Marumaru's TinyPlaza
(2016.06.14)(book)カエルの楽園
『カエルの楽園』/百田尚樹
新聞を読んでいたら、広告欄で読者の賛美の声と共に載っていたので、好きな百田さんの本という事もあり読んでみました。
皮肉に満ちた本でした。今の日本が抱える問題ー少子化、晩婚化、選挙制度、憲法九条、領土問題、自衛態、米軍、近隣諸国、平和ボケ、在日、自虐史観、etc……。そんなものをカエルの国での出来事に例え、とても分かりやすく描かれていました。

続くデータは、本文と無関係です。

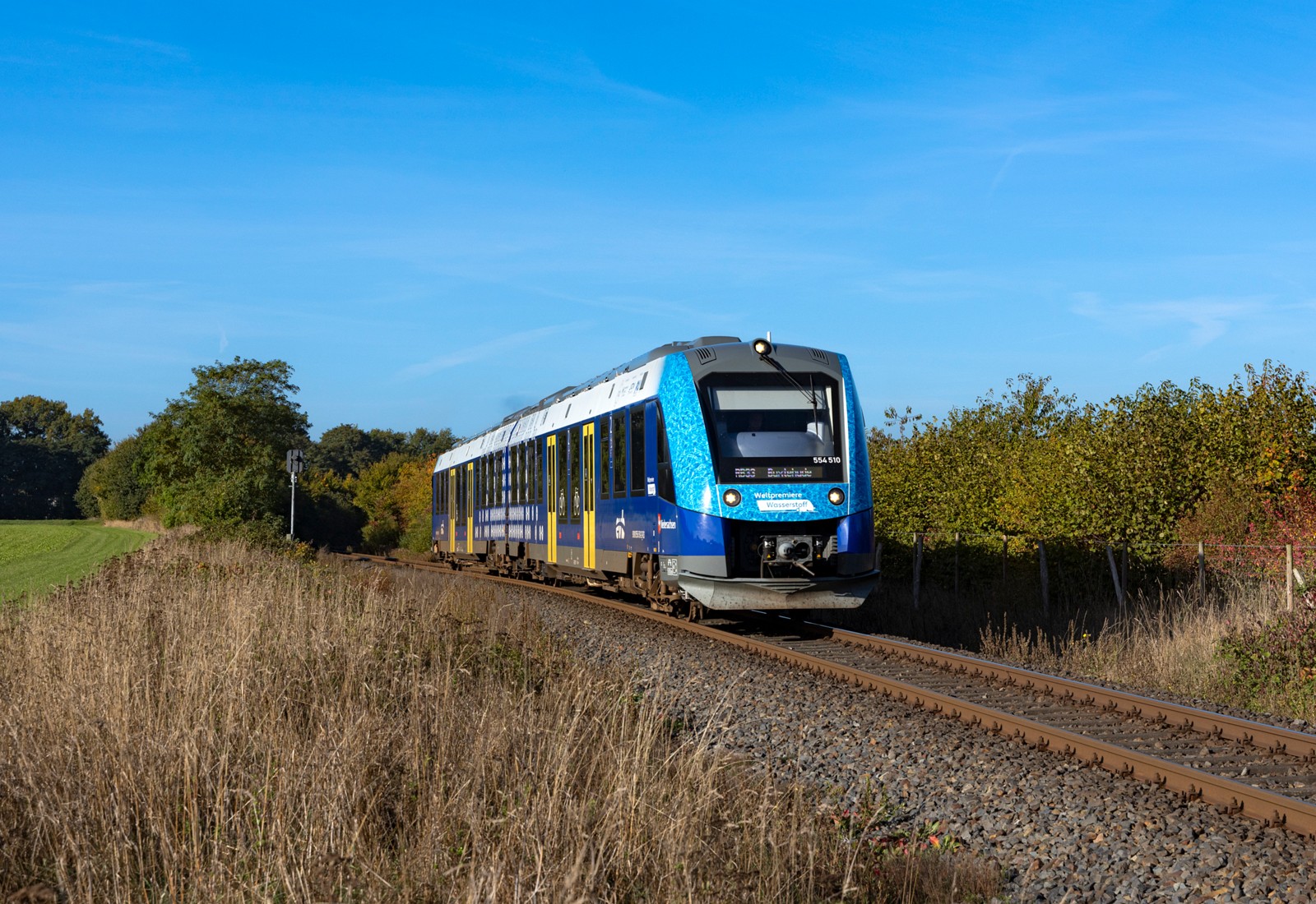 | ausgelieferte Fahrzeuge: | 554 001, 554 002, 554 003, 554 004, 554 005, 554 006, 554 007, 554 008, 554 009, 554 010, 554 011, 554 012, 554 013, 554 014 (004, 009, 010, 011, 012, 013 mit Sonderbeklebung "Weltpremiere Wasserstoff" auf den Fronten) |

うん、とても分かりやすいんです。百田さんはもともと構成作家なので、伝えたい事を簡易な言葉で的確に伝える能力に長けています。だからこそ、読み始めてすぐに、この本が何を言いたいのかがすぐに分かり、少し複雑な気持ちになったんです。
こんな絵本のように分かりやすく説明しないと読者に伝わらないと思われているんだ、と。ちょっと読者を馬鹿にされているような気がしました。

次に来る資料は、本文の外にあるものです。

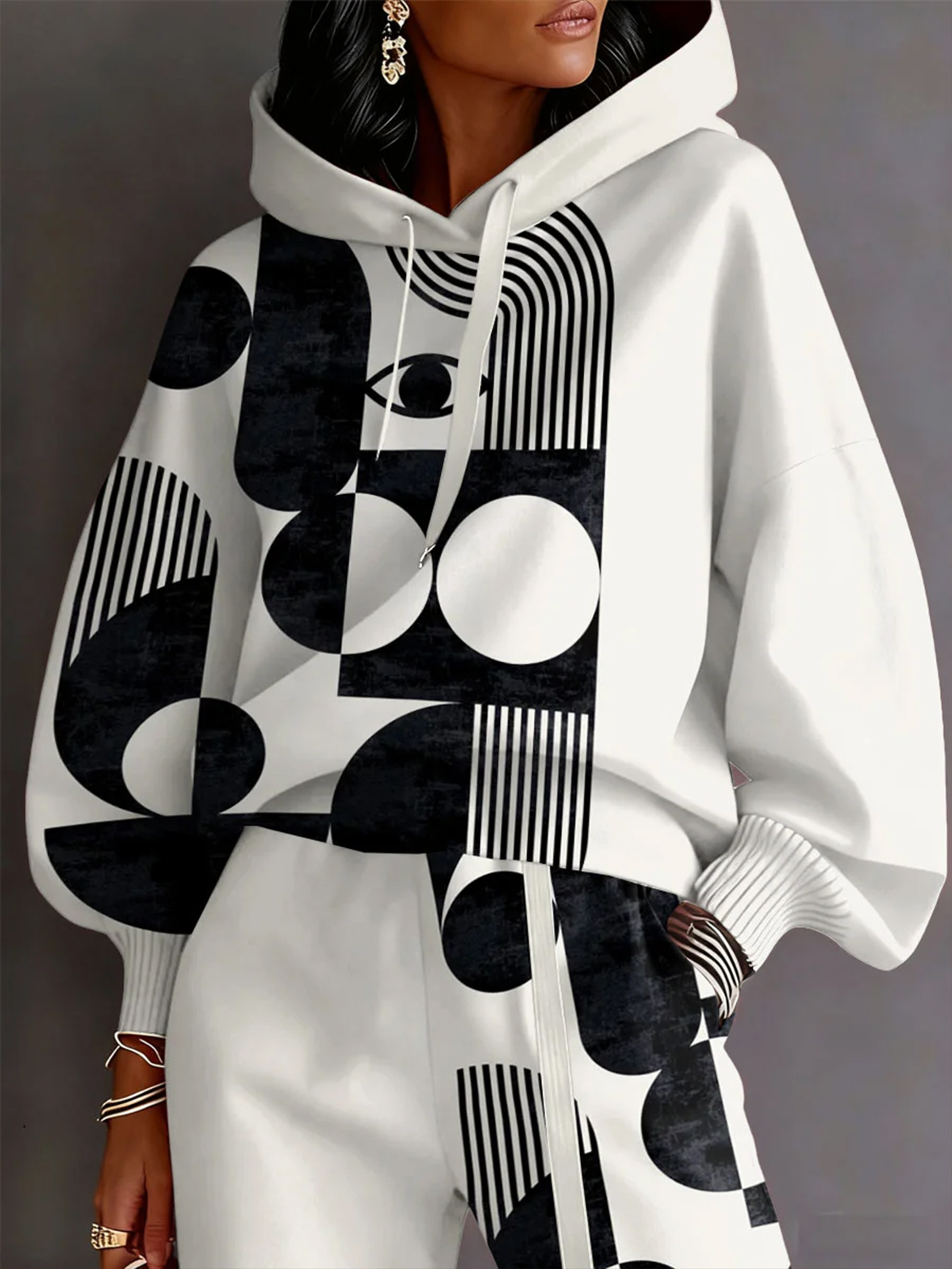 Women's Abstract Geometric Line Art Black Faces Print Hoodie

だからこそ、(広告だから当然だとしても)新聞に並んでいた「感動しました」「夢中になって睡眠不足に~」とか言った安易な賛美の声にも疑問を持ちました。
ですが、とても分かりやすく書かれている「今後の日本」(として例えられているもの)も、それなりに百田さん視点のバイアスがかかっています。それ感じたからこそ、作家が著書を使って過剰に政治的な思想を流布するのはどうなの?と思ってしまいます。あれだ、小林よしのりのゴーマニズム宣言に近いかもしれない。
ちなみに、作者がこの本で言いたかった事は、「三戒(作中における九条の比喩)は宗教みたいなものだったんじゃないかな」だと思っています。
ここからは私見ですが、宗教は心の拠り所として必要なものです。信仰する事で心に安寧が訪れ、明日への活力が生まれる大切なものでしょう。しかし、三戒(九条)を馴れ初めも意味も知らずに、ただ平和をもたらしてくれるものと崇めて、盲目的に信仰する事は違うと思うのでる。それではただの思考停止です。
凄惨な争いは起こしてはいけない。平和は何より尊ばれるものだ。それはその通りです。だけど、「争いダメ!平和最高!」と声高らかに叫ぶだけでは宗教だと思うんです。今の平和がある生い立ちを知り、平和を続ける為の努力を続けなければいけない。そして、平和を求める事と、力から目を背ける事は違う。
1時間で読める本なので、興味を持った人は読んで欲しいです。そして感想を教えて下さい。